Work required: Make an exact copy of the records below, excluding images.
===============
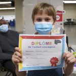 (■■一个魁省男童在接种后展示“勇敢孩子”证书。 加通社)
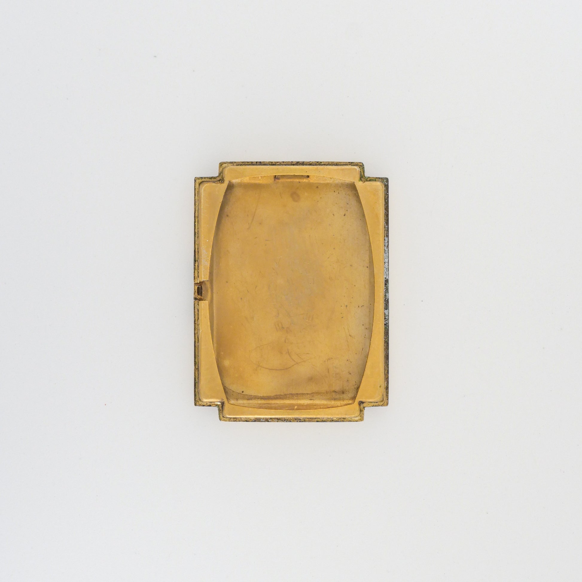 - Case: moderate to heavy wear consistent with age and use. There's visible scratching and scuffing throughout the gold surface, with some areas showing more significant wear where the underlying metal may be starting to show through. The decorative stepped case design remains intact, though the edges show dulling from handling.
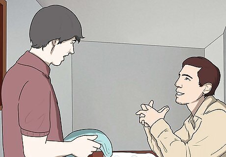 Keep the new dog isolated for the first 24 hours. When you bring the dog home, introduce him steadily to new rooms in your house. Limit him to the first room for at least 24 hours, keeping him in that room with his crate open. Allow the new dog a bit of time to get used to his new surroundings. He will slowly get accustomed to new scents, such as the scents in your house and the scent of the established dog from the t-shirt in his crate. Do not give him the range of the house straight away. This will overwhelm him.
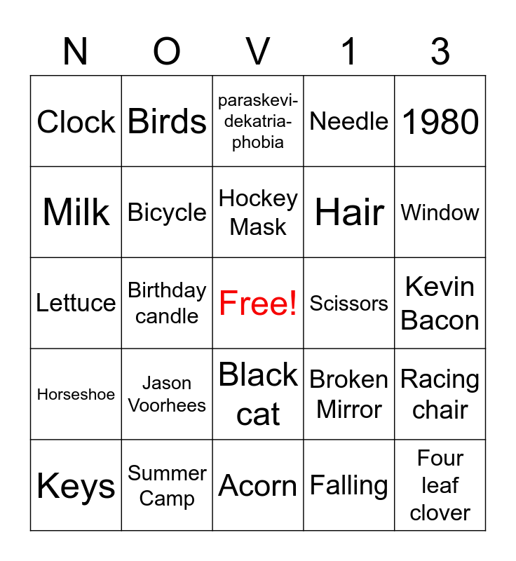 This bingo card has a free space and 25 words: Jason Voorhees, Acorn, Hockey Mask, Keys, 1980, Clock, Milk, Birds, Scissors, Black cat, Hair, Lettuce, Broken Mirror, Racing chair, Bicycle, 2026, Kevin Bacon, paraskevi-dekatria-phobia, Window, Birthday candle, Four leaf clover, Summer Camp, Horseshoe, Needle and Falling.
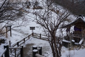 | The snow-covered Jigokudani |
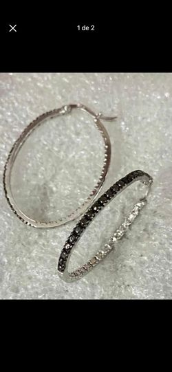 Aretes Argollas Plata 925 Piedras Azabache Joyería Antigua $30Hialeah, FL
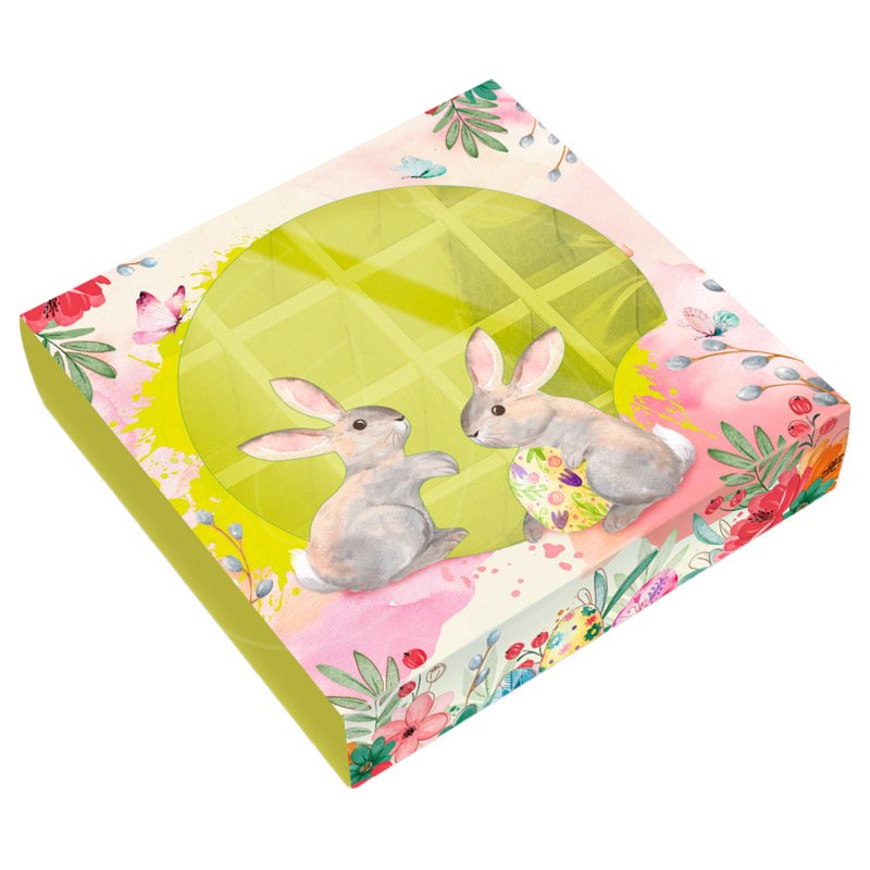 Доставка Коробка на 16 конфет с окном "Зайчата" 17,7х17,7х3,8 см из магазина в вашем городе:
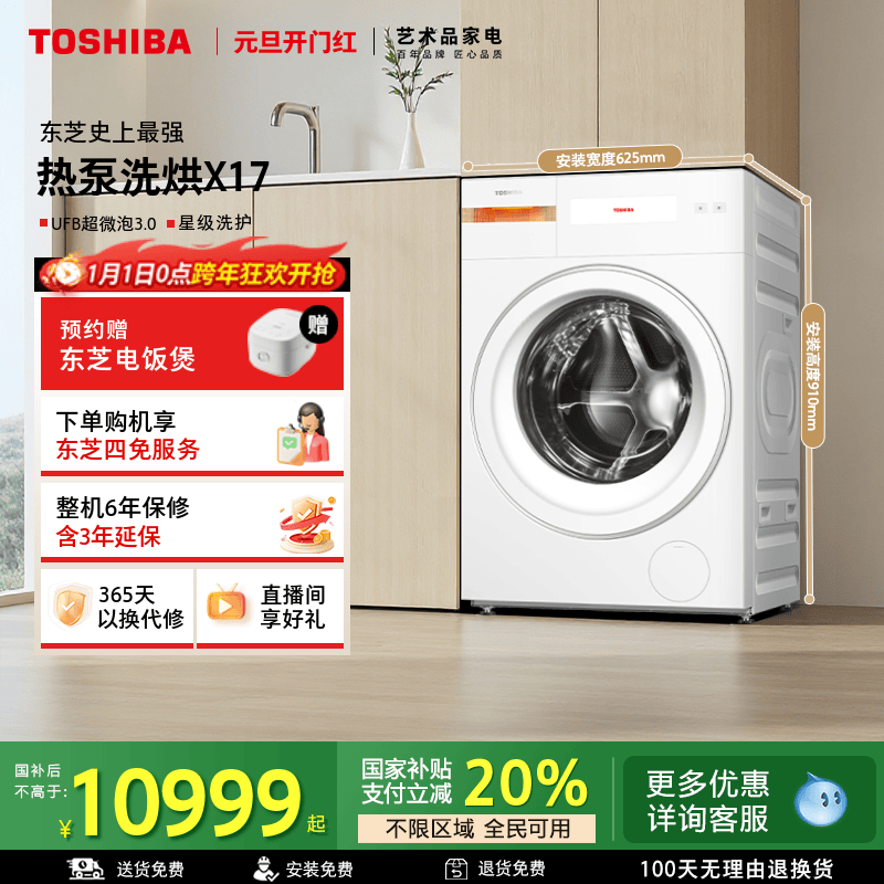 [政府补贴不限区域]东芝X17热泵洗烘一体机12KG全自动滚筒洗衣机
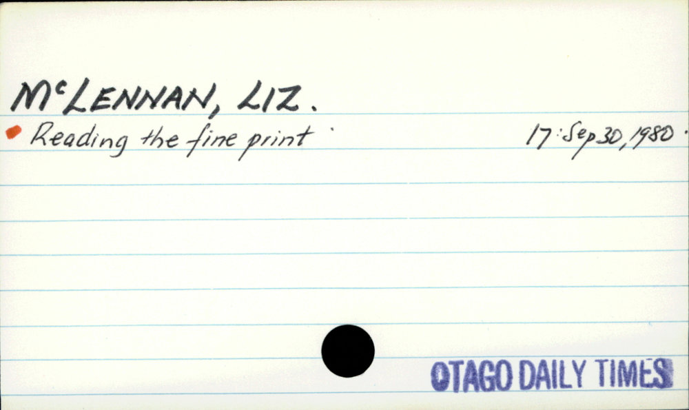 Dunedin Public Libraries (15th Dec 2020). McLennan, Liz. In Website Dunedin Public Libraries. Retrieved 27th Mar 2026 07:12, from https://dunedin.recollect.co.nz/nodes/view/169287
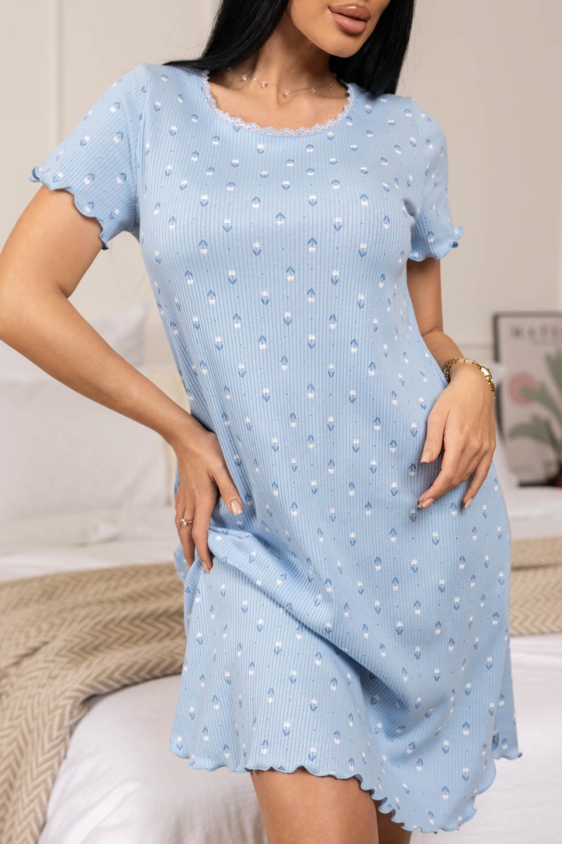 Представляем Вашему вниманию ночную сорочку из хлопкового кашкорсе с набивным рисунком, О-образной горловиной украшенной тонким кружевом в цвет основы ткани, коротким втачным рукавом, длиной до колена. Низ рукава и подол обработаны роликовым швом, нитки подобраны в цвет основы ткани.
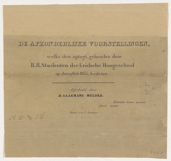 Curator: Here we have “Omslag voor de prent van het overlijden van koning Willem II, 1849,” which translates to "Cover for the print of the death of King William II, 1849." It's a lithograph on paper, created in the same year the King passed away, and it was printed by Belinfante & Co. Editor: What immediately strikes me is the weight of the typography. Those heavy, gothic-inspired fonts, announcing death, lend such a somber gravitas to the page, almost like a royal decree etched in stone. It's very formal. Curator: Yes, and if you look closely, you see that this isn't just a printed announcement. The title block feels almost hand-drawn, with its slightly irregular letterforms giving the piece an intimate quality, as if someone personally crafted each character with care. Editor: Indeed. It evokes that feeling of remembrance, but also perhaps highlights the performative aspect of mourning for a monarch. The dual text in Dutch and French reflects the complicated identity of the Dutch court at the time, no? A desire to appeal to both domestic and international audiences in a moment of national sorrow. Curator: Precisely. The stylized flourishes around the edges feel very 19th century, and echo designs one might expect from luxury items. But here they act like a frame of tears, carefully constructed for public consumption. The paper stock mentioned at the bottom suggests varied price points; mourning for every budget? Editor: Possibly so! Note the price distinction. It tells us that even grief could be commodified; where status mattered even in commemorating the deceased king. Was it seen as better to display sorrow by spending a little extra on "Chineesch" paper? Curator: Interesting to contemplate! While we interpret symbols through different lenses, seeing these lithographs gives us access to both a specific moment of cultural significance and an appreciation of enduring, almost timeless aspects of humanity—ritual, remembrance, even the commodification of feelings. Editor: Yes, and personally, I see it as a beautiful example of how graphic design can function as both historical document and powerful emotional trigger, bridging past and present through carefully chosen symbols and lettering.
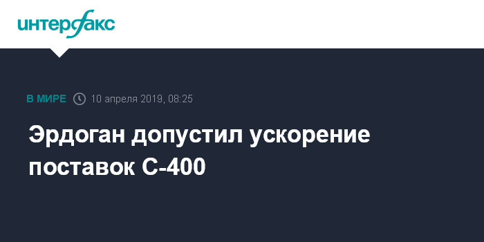 Москва. 10 апреля. INTERFAX.RU - Президент Турции Реджеп Тайип Эрдоган заявил, что поставки российских ЗРК С-400 могут начаться раньше запланированного срока - июля 2019 года, сообщила проправительственная газета Sabah в среду.
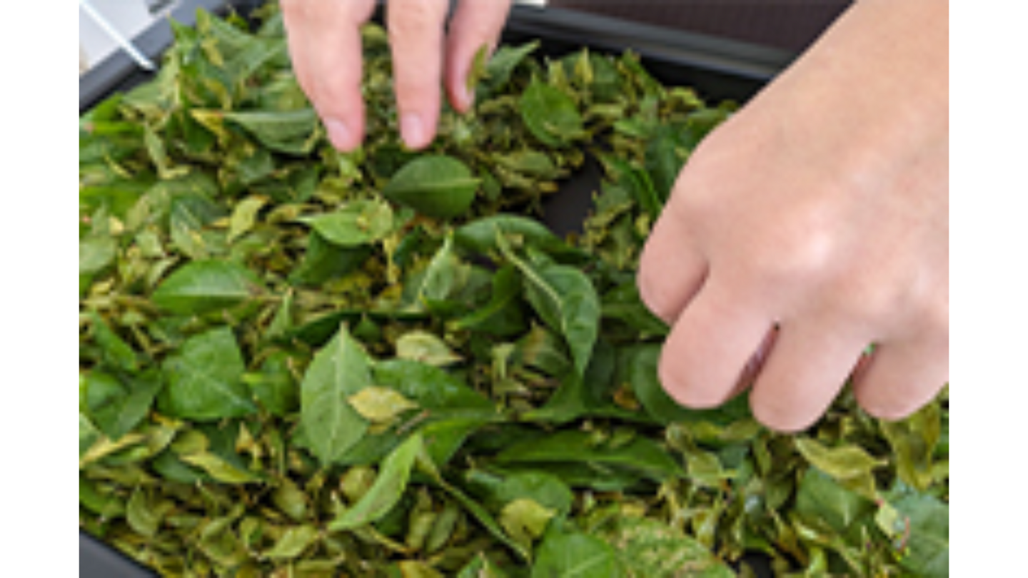 食堂からすぐ近くに自社ヘナ農場で採れたての生葉を焙煎をします。
===============
Exercise output:
 (■■一个魁省男童在接种后展示“勇敢孩子”证书。 加通社)
 - Case: moderate to heavy wear consistent with age and use. There's visible scratching and scuffing throughout the gold surface, with some areas showing more significant wear where the underlying metal may be starting to show through. The decorative stepped case design remains intact, though the edges show dulling from handling.
 Keep the new dog isolated for the first 24 hours. When you bring the dog home, introduce him steadily to new rooms in your house. Limit him to the first room for at least 24 hours, keeping him in that room with his crate open. Allow the new dog a bit of time to get used to his new surroundings. He will slowly get accustomed to new scents, such as the scents in your house and the scent of the established dog from the t-shirt in his crate. Do not give him the range of the house straight away. This will overwhelm him.
 This bingo card has a free space and 25 words: Jason Voorhees, Acorn, Hockey Mask, Keys, 1980, Clock, Milk, Birds, Scissors, Black cat, Hair, Lettuce, Broken Mirror, Racing chair, Bicycle, 2026, Kevin Bacon, paraskevi-dekatria-phobia, Window, Birthday candle, Four leaf clover, Summer Camp, Horseshoe, Needle and Falling.
 | The snow-covered Jigokudani |
 Aretes Argollas Plata 925 Piedras Azabache Joyería Antigua $30Hialeah, FL
 Доставка Коробка на 16 конфет с окном "Зайчата" 17,7х17,7х3,8 см из магазина в вашем городе:
 [政府补贴不限区域]东芝X17热泵洗烘一体机12KG全自动滚筒洗衣机
 Dunedin Public Libraries (15th Dec 2020). McLennan, Liz. In Website Dunedin Public Libraries. Retrieved 27th Mar 2026 07:12, from https://dunedin.recollect.co.nz/nodes/view/169287
 Представляем Вашему вниманию ночную сорочку из хлопкового кашкорсе с набивным рисунком, О-образной горловиной украшенной тонким кружевом в цвет основы ткани, коротким втачным рукавом, длиной до колена. Низ рукава и подол обработаны роликовым швом, нитки подобраны в цвет основы ткани.
 Curator: Here we have “Omslag voor de prent van het overlijden van koning Willem II, 1849,” which translates to "Cover for the print of the death of King William II, 1849." It's a lithograph on paper, created in the same year the King passed away, and it was printed by Belinfante & Co. Editor: What immediately strikes me is the weight of the typography. Those heavy, gothic-inspired fonts, announcing death, lend such a somber gravitas to the page, almost like a royal decree etched in stone. It's very formal. Curator: Yes, and if you look closely, you see that this isn't just a printed announcement. The title block feels almost hand-drawn, with its slightly irregular letterforms giving the piece an intimate quality, as if someone personally crafted each character with care. Editor: Indeed. It evokes that feeling of remembrance, but also perhaps highlights the performative aspect of mourning for a monarch. The dual text in Dutch and French reflects the complicated identity of the Dutch court at the time, no? A desire to appeal to both domestic and international audiences in a moment of national sorrow. Curator: Precisely. The stylized flourishes around the edges feel very 19th century, and echo designs one might expect from luxury items. But here they act like a frame of tears, carefully constructed for public consumption. The paper stock mentioned at the bottom suggests varied price points; mourning for every budget? Editor: Possibly so! Note the price distinction. It tells us that even grief could be commodified; where status mattered even in commemorating the deceased king. Was it seen as better to display sorrow by spending a little extra on "Chineesch" paper? Curator: Interesting to contemplate! While we interpret symbols through different lenses, seeing these lithographs gives us access to both a specific moment of cultural significance and an appreciation of enduring, almost timeless aspects of humanity—ritual, remembrance, even the commodification of feelings. Editor: Yes, and personally, I see it as a beautiful example of how graphic design can function as both historical document and powerful emotional trigger, bridging past and present through carefully chosen symbols and lettering.
 Москва. 10 апреля. INTERFAX.RU - Президент Турции Реджеп Тайип Эрдоган заявил, что поставки российских ЗРК С-400 могут начаться раньше запланированного срока - июля 2019 года, сообщила проправительственная газета Sabah в среду.
 食堂からすぐ近くに自社ヘナ農場で採れたての生葉を焙煎をします。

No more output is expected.